[[ Data provided open ]]

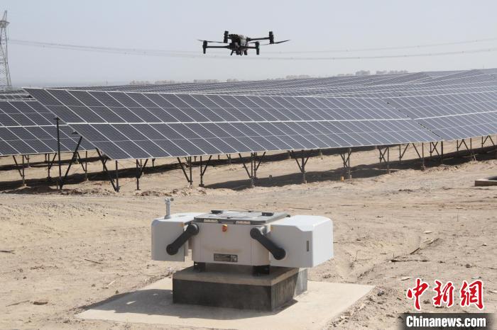 圖為5日,大唐第十四師昆玉市100萬千瓦光伏基地,無人機(jī)正在巡檢光伏組件運(yùn)行情況。馬曉東 攝
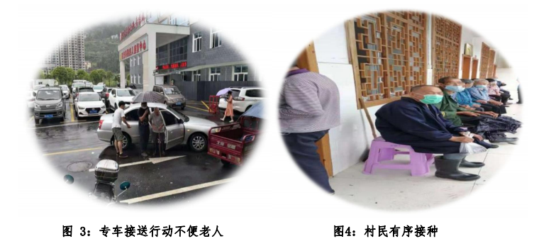 8月13日早7点,中雨如期而至,疫苗接种“清零” 行动按期展开。支部书记田孟平与第一书记范重庆分赴两个接 种点进行总协调,副书记李仕鹏、向文与村委委员袁胜祥、党 员志愿者张成芳驾车入户,镇卫生院6位医生分两个点接种,大学生志愿者负责现场引导……井井有条!
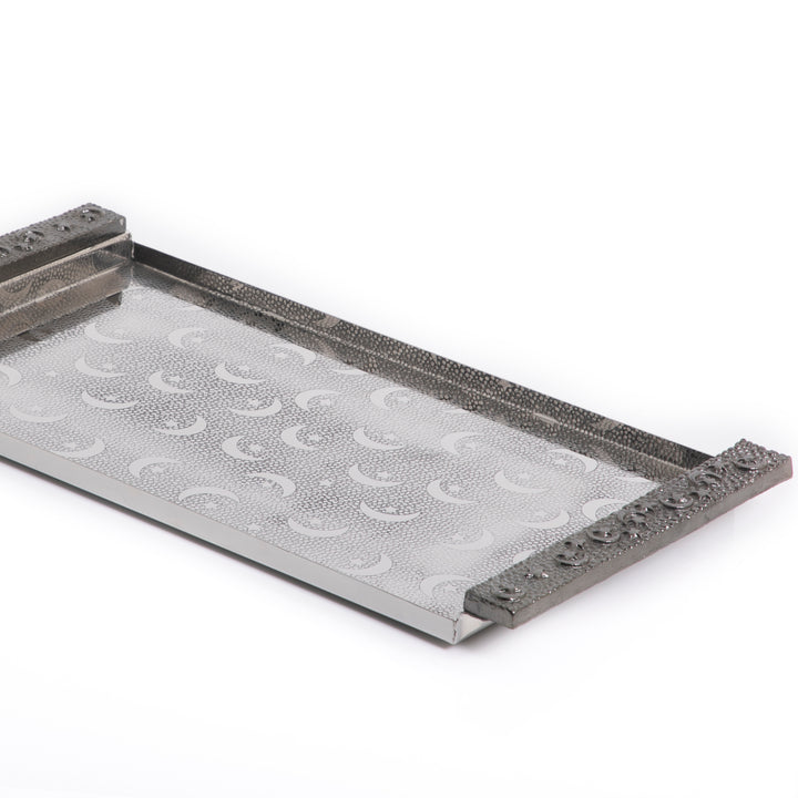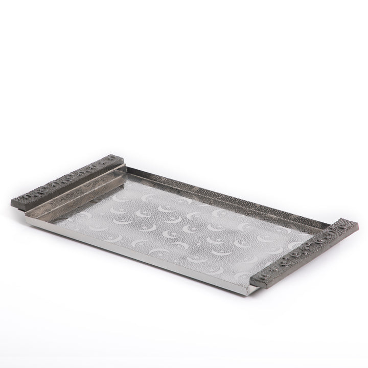 This elegant Metal Tray serves as a sophisticated accent to any countertop. The metal construction makes it strong and stable, perfect for holding anything from drinks to aromatherapy candles. A timeless addition to any home.
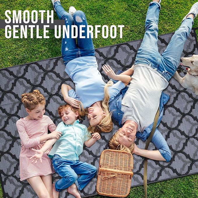 - Gentle Underfoot & Relaxing: The woven plastic straws create a soft, comfortable surface, perfect for barefoot walking and relaxation. Whether you're lounging on your patio or enjoying a picnic, this outdoor carpet for patio enhances your outdoor experience.
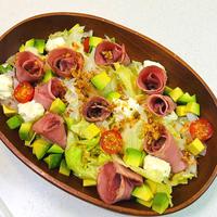 市販のローストビーフをのせた、少し贅沢なシーザーサラダはいかがでしょうか。ローストビーフにクリーミーなシーザードレッシングと半熟卵の濃厚な味わいがよく合い、とてもおいしいですよ。お好みの野菜を加えてアレンジしてみてくださいね。
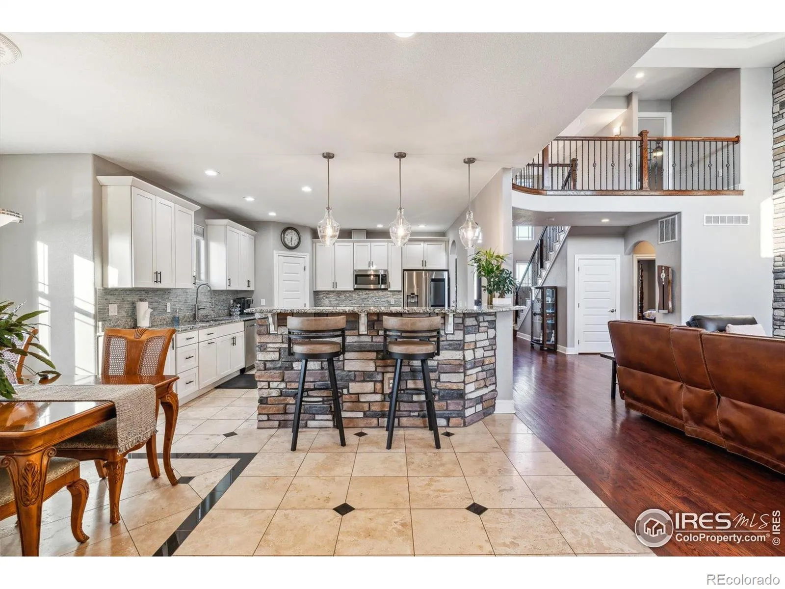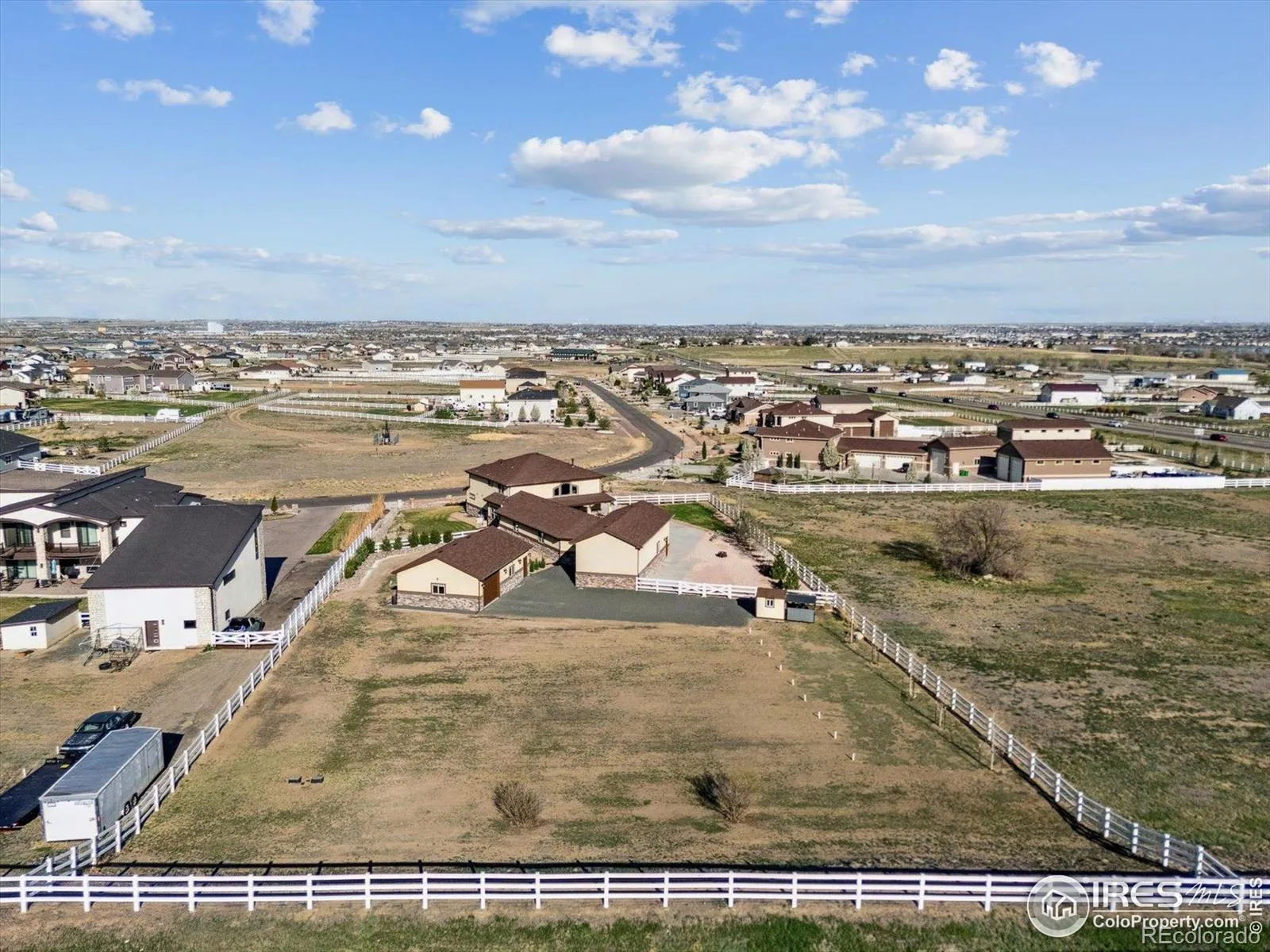 Situated on a 1.25-acre premium lot in Todd Creek Riverside, this expansive custom residence with a world-class dream garage showcases unparalleled mountain and prairie views, accompanied by luxury and tranquility at its finest. With 7 bedrooms, 2 of which are primary suites, 5 bathrooms, and a recently finished basement, over 5,000 sqft of versatile living space perfect for modern lifestyles. The great room features beautiful hardwood floors, 2story high ceilings drenched with natural light, and a show-stopping stacked stone fireplace. Enjoy entertaining guests or preparing a meal in the well-appointed eat-in kitchen, including white cabinetry, granite counters, a stainless steel appliance package, a breakfast bar, and stone tile floors. The finished lower level offers a spacious den with room for a home theatre or home gym, which complements the custom-built-in wet bar with counter seating. The main attraction to this meticulously maintained residence is the 2,387 sqft attached 4-car finished garage, including a 20×48 RV garage. The additional 1,040 sqft detached garage with epoxy flooring is an absolute dream for car enthusiasts, hobbyists, or those who need extra storage in the heart of Todd Creek. Expansive landscaping and a full property fence have been installed, including professional stonework and plantings to complement the lush yard and endless mountain views. Additional features of this meticulously maintained residence include a main-floor home office, custom ironwork, a large covered patio, and curated finishes throughout. 16101 Iola Street is ideally situated within minutes of Stouffer Reservoir, Todd Creek Golf Club, and endless dining, shopping, and entertainment in downtown Brighton. Don’t miss your chance to own a custom home with serious garage goals in one of Brighton’s most desirable areas!
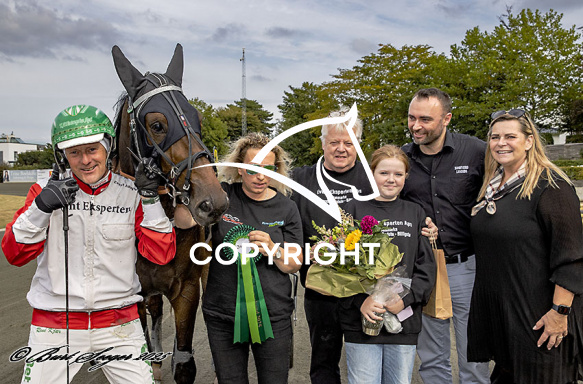 - Billede Beskrivelse: LUCIFER med Rene Kjær 1. løbs vinder, på Charlottenlund d. 2025-08-29. Photo: Burt Seeger.
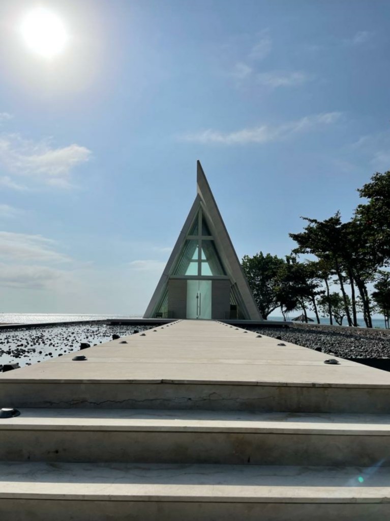 Ce matin, on part voir un peu autour de l’hôtel il y a un sentier pavé qui longe la mer. Tiens mais qu’est ce que je vois là à quelques mètres, me dis-je. Et ça fait partie de l’hôtel en plus. Une sorte de bâtiment blanc en forme de triangle. Quoi !! ??? Ne me dites pas qu’on est tombés dans un hôtel de scientologues !!! Nannnnn en fait on s’est rapprochés et c’est leur propre chapelle avec vue sur l’océan pour les mariages. Ahhhhhhh
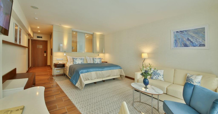 Hotelul are un restaurant a la carte si unul tip bufet, baruri, club, piscină în aer liber cu vedere la mare, o piscină interioară şi un centru spa cu o varietate de tratamente. Pe langa recepţia cu program non-stop, in incinta hotelului se afla si un bancomat şi un salon de coafură. Printre serviciile şi facilităţile disponibile se numără un loc de joacă pentru copii şi personal de divertisment.
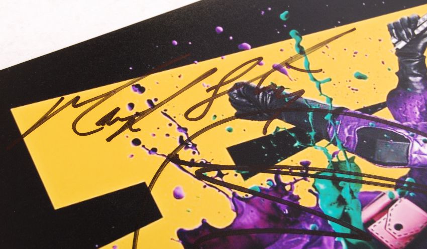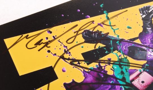 Kick Ass ( 2010 ) - incredible cast signed 11x14" movie photograph / poster - signed by the main cast members Nicholas Cage, Chloe Moretz, Aaron Johnson and Mark Strong. All signed in either blue / black ink to the central part of the photograph. All obtained in person at the premiere, by the vendor.
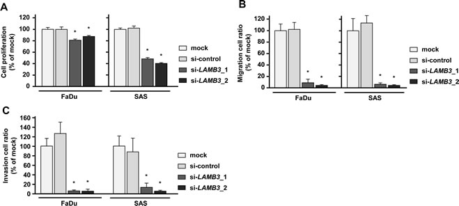 Furthermore, we asked why LAMB3 has an oncogenic function in HNSCC. We conducted gene expression analysis using si-LAMB3 to monitor LAMB3-controlled genes. In this study, several integrin signaling downstream molecules (JUN, RAC1 and PXN) were downregulated in the expression profile of si-LAMB3 transfectants. Many studies indicated that laminin-332 binds to several cell-surface receptors, such as integrins, epidermal growth factor receptor and syndecan-1 [39-41]. Among them, the integrins are cell surface transmembrane proteins that mediate the extracellular signals and the intracellular pathways leading to cell cycle controlling, cell migration and invasion of cancer cells [42].
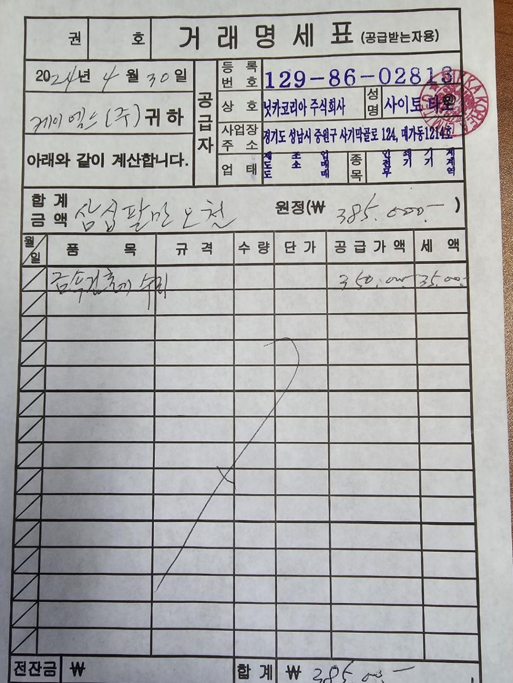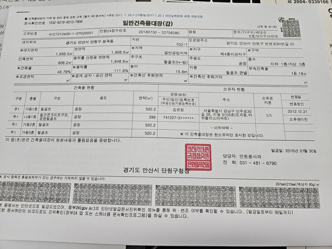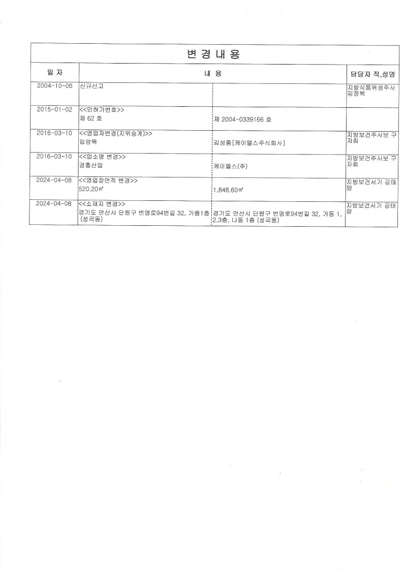 1. 영업 인허가 서류가 구비되어 있으며, 실제와 일치하는가
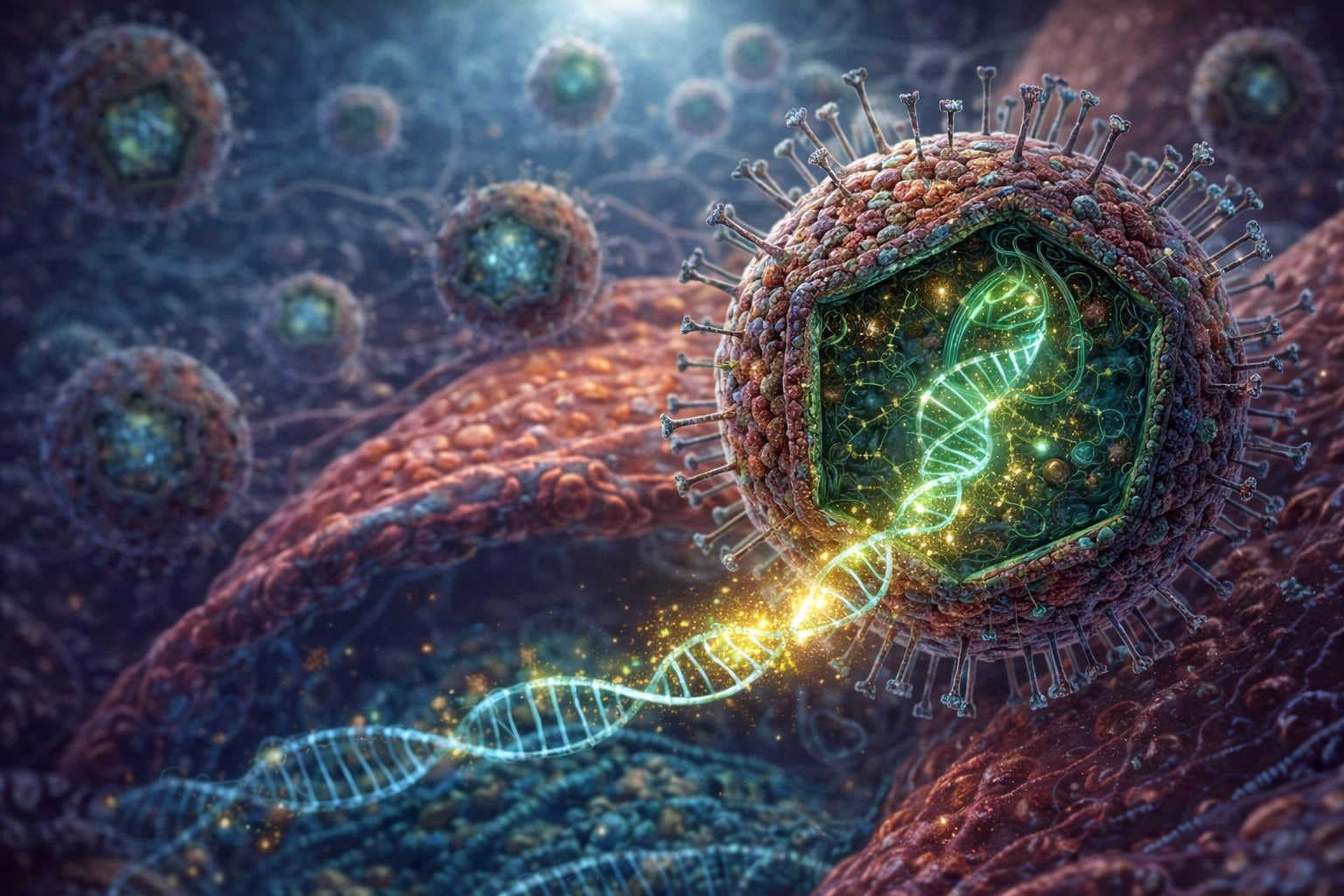 Appearing as complex eukaryotes diversified, Retroviruses evolved by equipping mobile genetic elements (retrotransposons) with “stolen” structural proteins. Using the enzyme reverse transcriptase, they flip the flow of information from RNA back into DNA, allowing them to stitch themselves permanently into the host’s genome and hide for generations.

[[ Data provided closed ]]

The task
Print each entry above exactly. The pictures should not be printed.

Exercise result
 圖為5日,大唐第十四師昆玉市100萬千瓦光伏基地,無人機(jī)正在巡檢光伏組件運(yùn)行情況。馬曉東 攝
 8月13日早7点,中雨如期而至,疫苗接种“清零” 行动按期展开。支部书记田孟平与第一书记范重庆分赴两个接 种点进行总协调,副书记李仕鹏、向文与村委委员袁胜祥、党 员志愿者张成芳驾车入户,镇卫生院6位医生分两个点接种,大学生志愿者负责现场引导……井井有条!
 This elegant Metal Tray serves as a sophisticated accent to any countertop. The metal construction makes it strong and stable, perfect for holding anything from drinks to aromatherapy candles. A timeless addition to any home.
 - Gentle Underfoot & Relaxing: The woven plastic straws create a soft, comfortable surface, perfect for barefoot walking and relaxation. Whether you're lounging on your patio or enjoying a picnic, this outdoor carpet for patio enhances your outdoor experience.
 市販のローストビーフをのせた、少し贅沢なシーザーサラダはいかがでしょうか。ローストビーフにクリーミーなシーザードレッシングと半熟卵の濃厚な味わいがよく合い、とてもおいしいですよ。お好みの野菜を加えてアレンジしてみてくださいね。
 Situated on a 1.25-acre premium lot in Todd Creek Riverside, this expansive custom residence with a world-class dream garage showcases unparalleled mountain and prairie views, accompanied by luxury and tranquility at its finest. With 7 bedrooms, 2 of which are primary suites, 5 bathrooms, and a recently finished basement, over 5,000 sqft of versatile living space perfect for modern lifestyles. The great room features beautiful hardwood floors, 2story high ceilings drenched with natural light, and a show-stopping stacked stone fireplace. Enjoy entertaining guests or preparing a meal in the well-appointed eat-in kitchen, including white cabinetry, granite counters, a stainless steel appliance package, a breakfast bar, and stone tile floors. The finished lower level offers a spacious den with room for a home theatre or home gym, which complements the custom-built-in wet bar with counter seating. The main attraction to this meticulously maintained residence is the 2,387 sqft attached 4-car finished garage, including a 20×48 RV garage. The additional 1,040 sqft detached garage with epoxy flooring is an absolute dream for car enthusiasts, hobbyists, or those who need extra storage in the heart of Todd Creek. Expansive landscaping and a full property fence have been installed, including professional stonework and plantings to complement the lush yard and endless mountain views. Additional features of this meticulously maintained residence include a main-floor home office, custom ironwork, a large covered patio, and curated finishes throughout. 16101 Iola Street is ideally situated within minutes of Stouffer Reservoir, Todd Creek Golf Club, and endless dining, shopping, and entertainment in downtown Brighton. Don’t miss your chance to own a custom home with serious garage goals in one of Brighton’s most desirable areas!
 - Billede Beskrivelse: LUCIFER med Rene Kjær 1. løbs vinder, på Charlottenlund d. 2025-08-29. Photo: Burt Seeger.
 Ce matin, on part voir un peu autour de l’hôtel il y a un sentier pavé qui longe la mer. Tiens mais qu’est ce que je vois là à quelques mètres, me dis-je. Et ça fait partie de l’hôtel en plus. Une sorte de bâtiment blanc en forme de triangle. Quoi !! ??? Ne me dites pas qu’on est tombés dans un hôtel de scientologues !!! Nannnnn en fait on s’est rapprochés et c’est leur propre chapelle avec vue sur l’océan pour les mariages. Ahhhhhhh
 Hotelul are un restaurant a la carte si unul tip bufet, baruri, club, piscină în aer liber cu vedere la mare, o piscină interioară şi un centru spa cu o varietate de tratamente. Pe langa recepţia cu program non-stop, in incinta hotelului se afla si un bancomat şi un salon de coafură. Printre serviciile şi facilităţile disponibile se numără un loc de joacă pentru copii şi personal de divertisment.
 Kick Ass ( 2010 ) - incredible cast signed 11x14" movie photograph / poster - signed by the main cast members Nicholas Cage, Chloe Moretz, Aaron Johnson and Mark Strong. All signed in either blue / black ink to the central part of the photograph. All obtained in person at the premiere, by the vendor.
 Furthermore, we asked why LAMB3 has an oncogenic function in HNSCC. We conducted gene expression analysis using si-LAMB3 to monitor LAMB3-controlled genes. In this study, several integrin signaling downstream molecules (JUN, RAC1 and PXN) were downregulated in the expression profile of si-LAMB3 transfectants. Many studies indicated that laminin-332 binds to several cell-surface receptors, such as integrins, epidermal growth factor receptor and syndecan-1 [39-41]. Among them, the integrins are cell surface transmembrane proteins that mediate the extracellular signals and the intracellular pathways leading to cell cycle controlling, cell migration and invasion of cancer cells [42].
 1. 영업 인허가 서류가 구비되어 있으며, 실제와 일치하는가
 Appearing as complex eukaryotes diversified, Retroviruses evolved by equipping mobile genetic elements (retrotransposons) with “stolen” structural proteins. Using the enzyme reverse transcriptase, they flip the flow of information from RNA back into DNA, allowing them to stitch themselves permanently into the host’s genome and hide for generations.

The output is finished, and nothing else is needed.